Option two is the hardest to do.  Moving McCollum (and anyone else except Lillard) to re-tool the team around Lillard and a second-star player.  Portland has spoken to the Minnesota Timberwolves about disgruntled center Karl-Anthony Towns, and a first-round exit by the Miami Heat may put Jimmy Butler on the table.  The New Orleans Pelicans could be persuaded to give up Brandon Ingram for the right price.  Kyle Kuzma’s stock with the Los Angeles Lakers is as low as it has ever been.  The major problem, obviously, is that Portland has little trade stock outside McCollum, Nurkic, and Covington.  Their first-round pick is late in the round this year, and Houston owns the next one.  Moving McCollum for a younger, cheaper rising player could work and give the Blazers valuable free agency space.  However, if that player cannot step up immediately, you risk throwing another year of Lillard’s prime out the window.

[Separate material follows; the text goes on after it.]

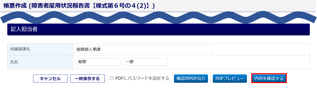 以上で、「障害者雇用状況報告書【様式第6号の4(2)】」の作成は完了です。
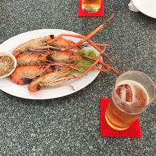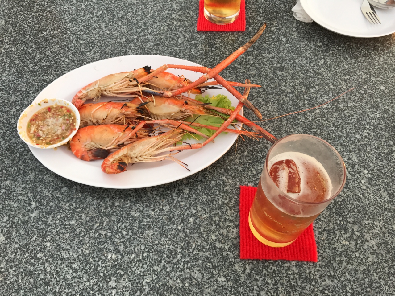 二人で焼きエビ、チャーハン、ビールなどで一人650B。

The final option is the one that Blazers fans are dreading:  re-signing Powell and running it back with the starting lineup of Lillard/McCollum/Powell/Covington/Nurkic and with cheap fodder to fill the bench.  The task would then fall to the new head coach to try and solve the puzzle that Terry Stotts could not:  functioning in the NBA today with two undersized guards who cannot defend and two wings that are forced to make up for that massive defensive hole.  The reality of the situation is that Neil Olshey likely has plenty of slack, with all reports being that owner Jodi Allen is far more focused on her ownership of the Seattle Seahawks.  This final option should be unacceptable.  Asking Lillard to be Superman for 82 games and carry the team on his back to the playoffs yet again, just to get trounced by far more balanced and offensively stacked teams can only lead to fan alienation.  The Lillard/McCollum experiment banking on their offense strengths, neutralizing their defensive weakness has not worked, and there is no sign that it will work.

The upcoming offseason shows all the signs of being the most cataclysmic since the exodus of LaMarcus Aldridge, Nicolas Batum, Robin Lopez, and Wesley Matthews.  Once Portland has a coach, the task falls on them to make sense of the chaos that awaits.